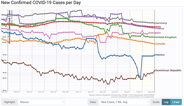 Broadly down, but is that a data thing with Mexico? (Note the quality of these numbers varies wildly. For example, the UK is cutting back on testing data.
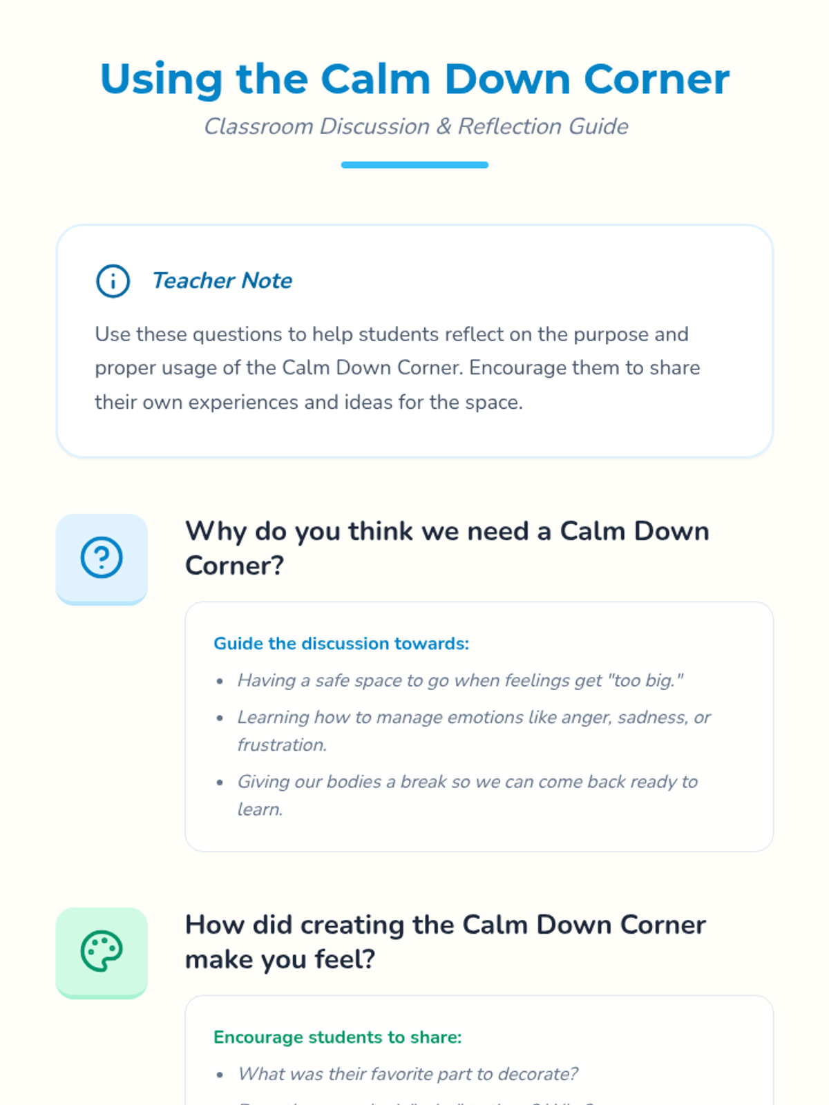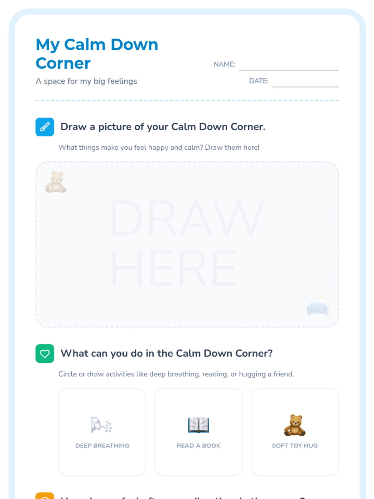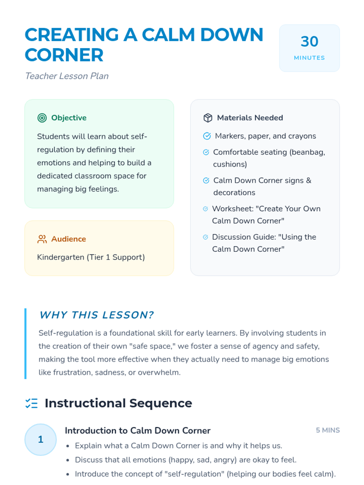 Students will learn about self-regulation through the creation and use of a 'Calm Down Corner' in the classroom. This lesson is important as it introduces young students to the concept of managing their emotions and provides them with a practical tool they can use whenever they feel overwhelmed or upset.
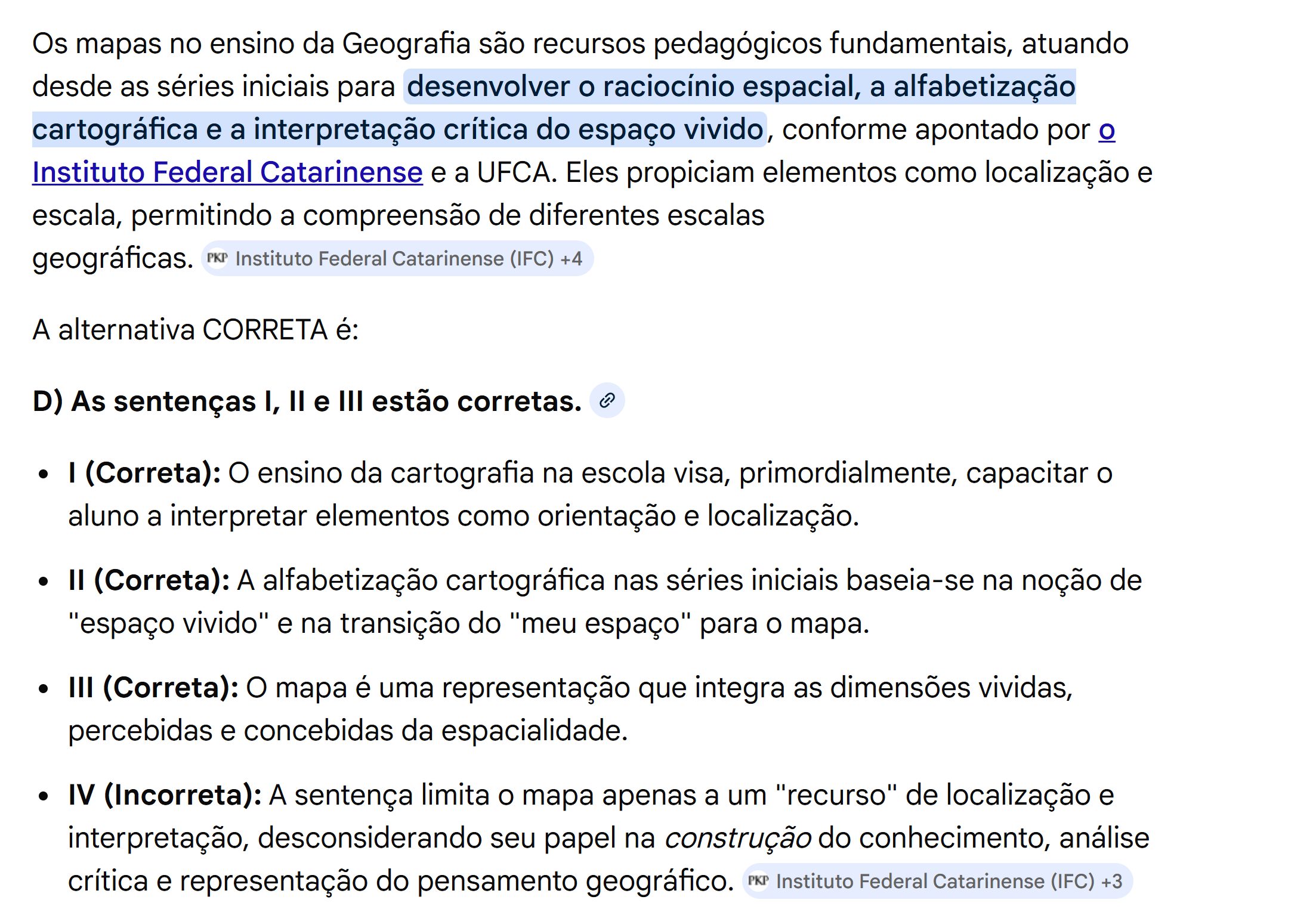 Os mapas no ensino da Geografia são recursos pedagógicos fundamentais, atuando desde as séries iniciais para desenvolver raciocínio espacial, a alfabetização cartográfica e a interpretação crítica do espaço vivido, conforme apontado por O Instituto Federal Catarinense e a UFCA. Eles propiciam elementos como localização e escala, permitindo a compreensão de diferentes escalas geográficas. PKP Instituto Federal Catarinense (IFC) +4 A alternativa CORRETA é: D) As sentenças I, e III estão corretas. I (Correta): ensino da cartografia na escola visa, primordialmente, capacitar aluno a interpretar elementos como orientação e localização. II (Correta): A alfabetização cartográfica nas séries iniciais baseia-se na noção de "espaço vivido" e na transição do "meu espaço" para mapa. III (Correta): O mapa é uma representação que integra as dimensões vividas, percebidas e concebidas da espacialidade. IV (Incorreta): A sentença limita mapa apenas a um "recurso" de localização e interpretação, desconsiderando seu papel na construção do conhecimento, análise crítica e representação do pensamento geográfico. PKP Instituto Federal Catarinense (IFC) +3
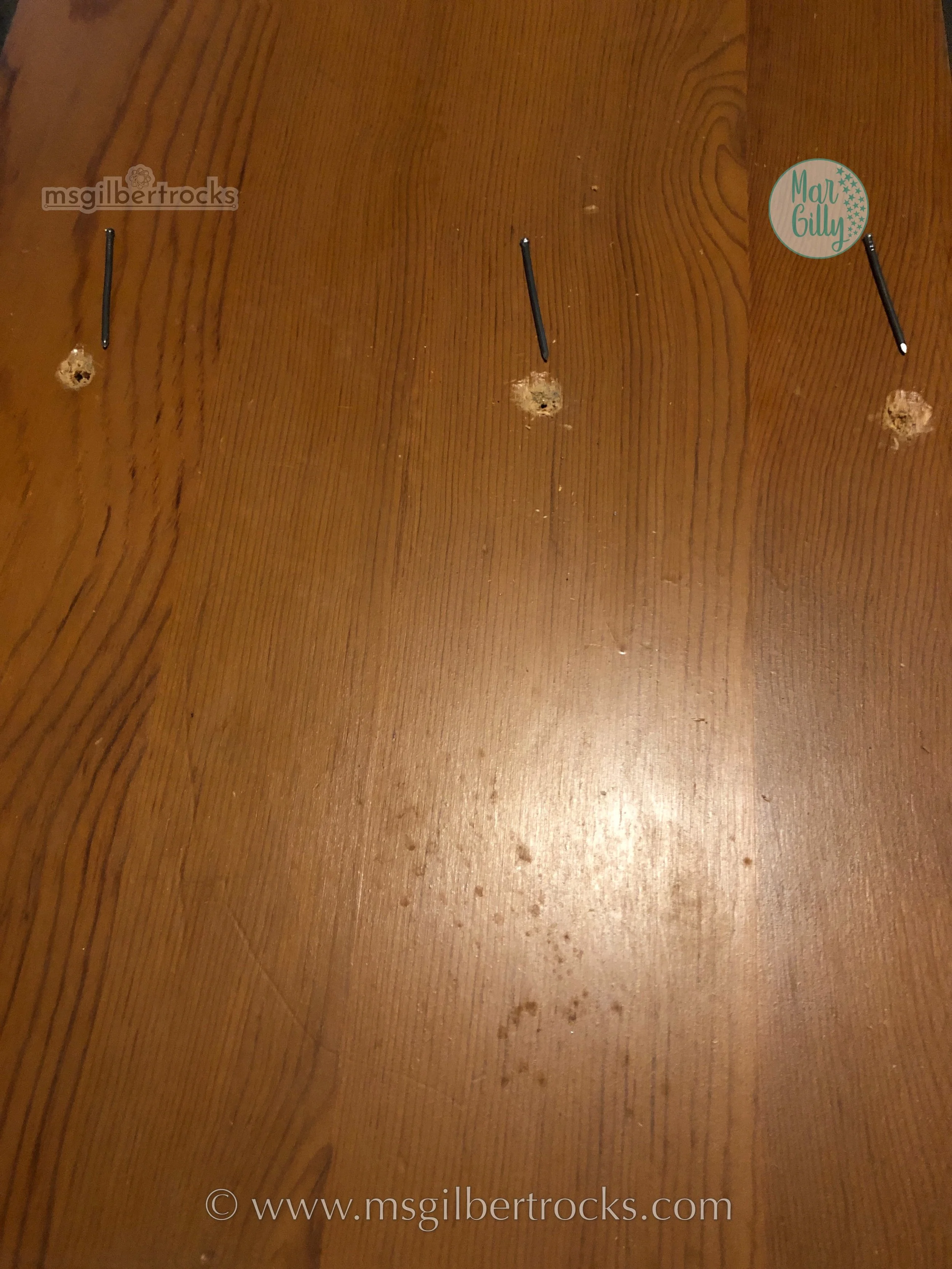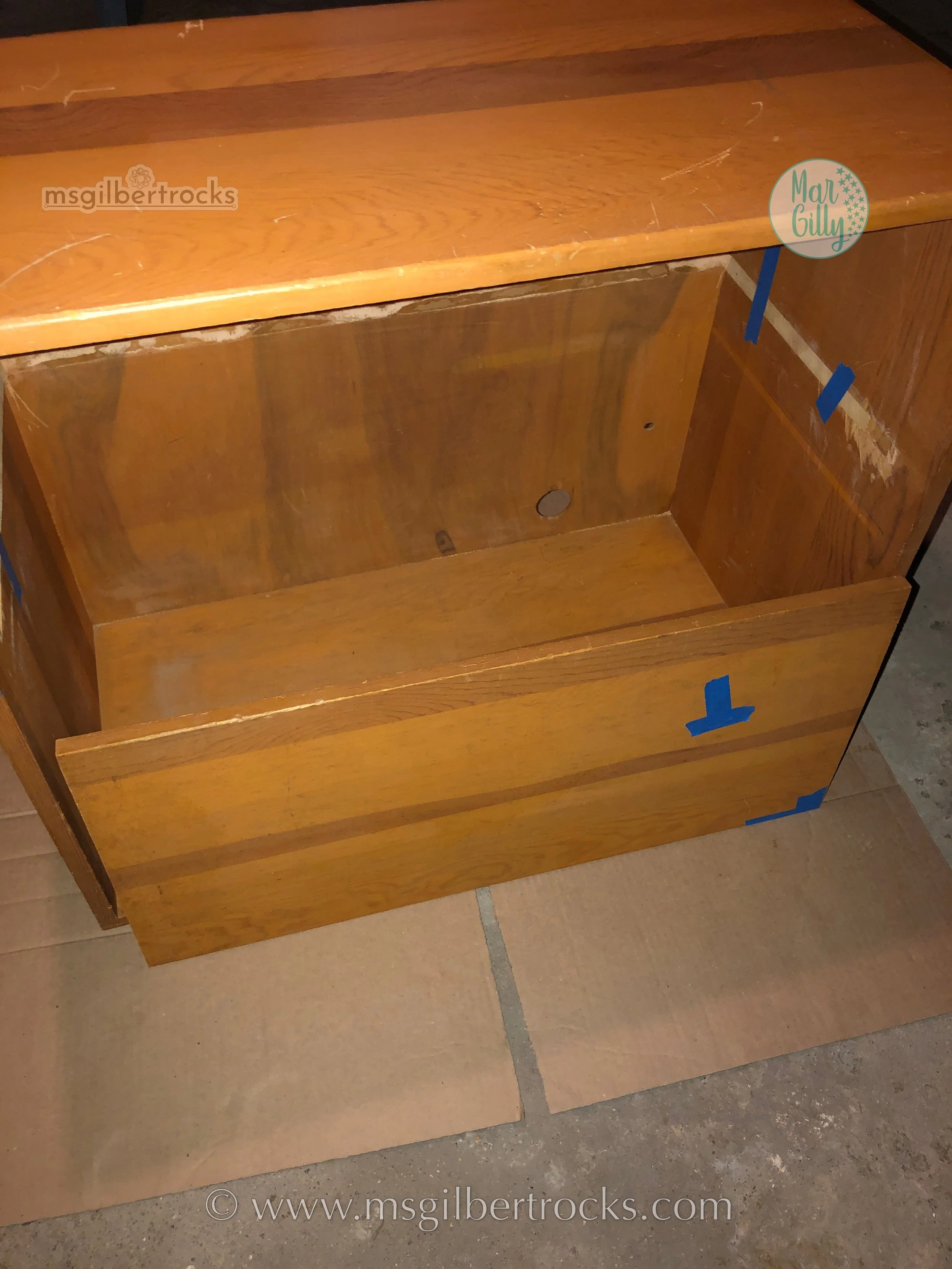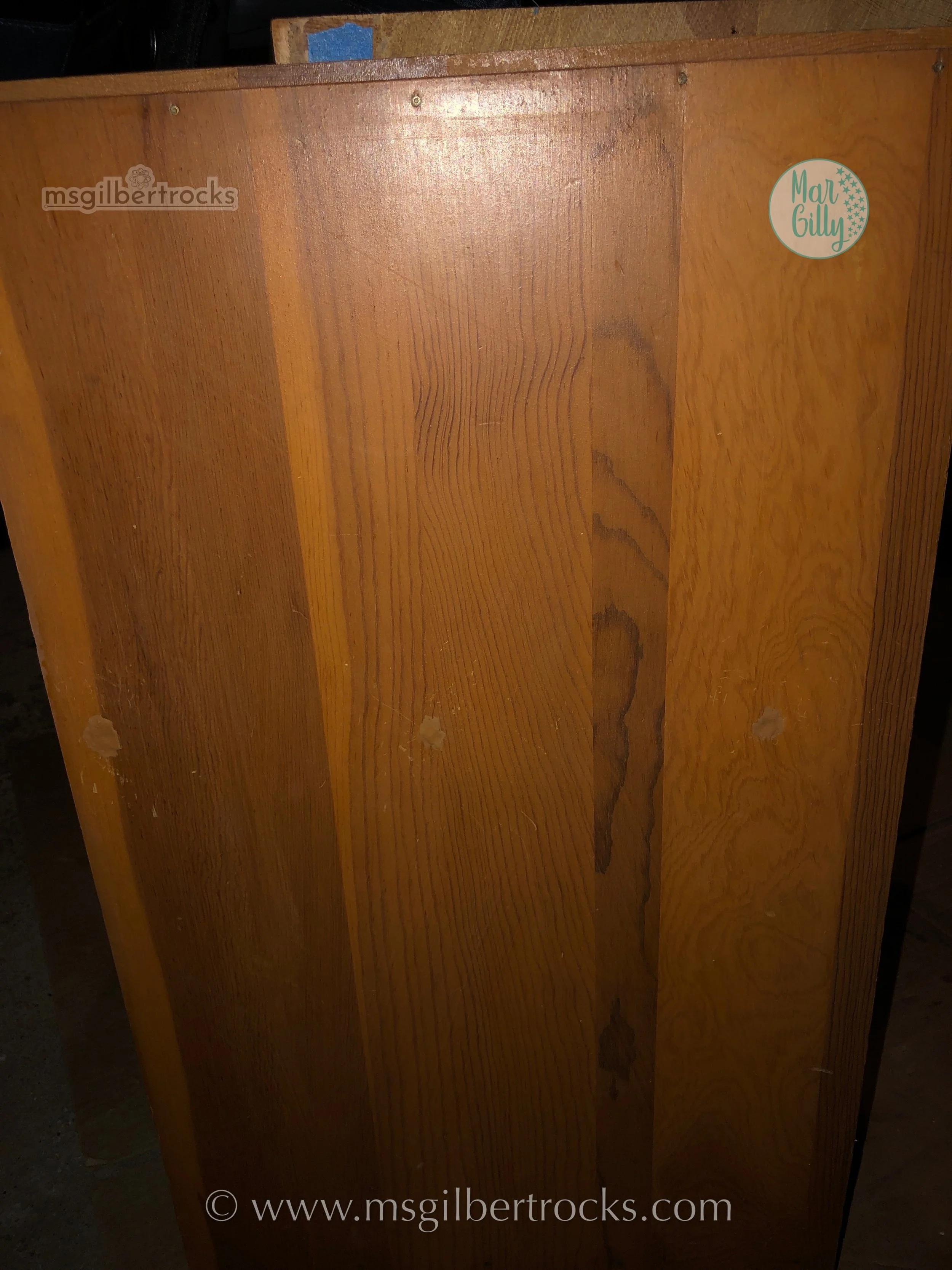 The first task Jen gave herself was to start the prep inside the cabinet by removing the shelf. Easy to say, hard to do. The nails were VERY long and had to be dug out way more than Jen would have liked to keep the sides looking nice, but after two days of solid work on that and removing the staples (much easier) holding the shelf to the back panel, Jen noticed that the shelf also was set into the side panels of the cabinet (🤦🏼♀️). Since she was determined to have the option to re-use a piece of the shelf cut down to about 4 inches for that front lip, she purchased a flush hand saw to attempt to remove it with as little damage as possible to both the shelf and the interior of the cabinet. We thought this was worthwhile since the shelf was sized exactly to the interior dimensions of the cabinet and would match the rest of it, rather than purchasing a new piece of wood for the front lip. We had no plans to paint or stain since the cabinet fits in well with our older school building with the original age/coloring of the wood. Another day later, the flush saw was put to use…and actually worked! We were pleasantly surprised and moved on to sanding over some of the areas that were not quite flush on the sides. A quick trip with the cabinet to Maggie’s garage gave us an opportunity to work on more sanding and gather supplies to fill the holes in the wood with wood filler (interior) and putty (sides with nail hole gouges).

==================================================

→ TRY IT:
In the reply, every line of the material above is to be reproduced verbatim, and the images are to be left out.

→ EXPECTED OUTPUT:
 Broadly down, but is that a data thing with Mexico? (Note the quality of these numbers varies wildly. For example, the UK is cutting back on testing data.
 Students will learn about self-regulation through the creation and use of a 'Calm Down Corner' in the classroom. This lesson is important as it introduces young students to the concept of managing their emotions and provides them with a practical tool they can use whenever they feel overwhelmed or upset.
 Os mapas no ensino da Geografia são recursos pedagógicos fundamentais, atuando desde as séries iniciais para desenvolver raciocínio espacial, a alfabetização cartográfica e a interpretação crítica do espaço vivido, conforme apontado por O Instituto Federal Catarinense e a UFCA. Eles propiciam elementos como localização e escala, permitindo a compreensão de diferentes escalas geográficas. PKP Instituto Federal Catarinense (IFC) +4 A alternativa CORRETA é: D) As sentenças I, e III estão corretas. I (Correta): ensino da cartografia na escola visa, primordialmente, capacitar aluno a interpretar elementos como orientação e localização. II (Correta): A alfabetização cartográfica nas séries iniciais baseia-se na noção de "espaço vivido" e na transição do "meu espaço" para mapa. III (Correta): O mapa é uma representação que integra as dimensões vividas, percebidas e concebidas da espacialidade. IV (Incorreta): A sentença limita mapa apenas a um "recurso" de localização e interpretação, desconsiderando seu papel na construção do conhecimento, análise crítica e representação do pensamento geográfico. PKP Instituto Federal Catarinense (IFC) +3
 The first task Jen gave herself was to start the prep inside the cabinet by removing the shelf. Easy to say, hard to do. The nails were VERY long and had to be dug out way more than Jen would have liked to keep the sides looking nice, but after two days of solid work on that and removing the staples (much easier) holding the shelf to the back panel, Jen noticed that the shelf also was set into the side panels of the cabinet (🤦🏼♀️). Since she was determined to have the option to re-use a piece of the shelf cut down to about 4 inches for that front lip, she purchased a flush hand saw to attempt to remove it with as little damage as possible to both the shelf and the interior of the cabinet. We thought this was worthwhile since the shelf was sized exactly to the interior dimensions of the cabinet and would match the rest of it, rather than purchasing a new piece of wood for the front lip. We had no plans to paint or stain since the cabinet fits in well with our older school building with the original age/coloring of the wood. Another day later, the flush saw was put to use…and actually worked! We were pleasantly surprised and moved on to sanding over some of the areas that were not quite flush on the sides. A quick trip with the cabinet to Maggie’s garage gave us an opportunity to work on more sanding and gather supplies to fill the holes in the wood with wood filler (interior) and putty (sides with nail hole gouges).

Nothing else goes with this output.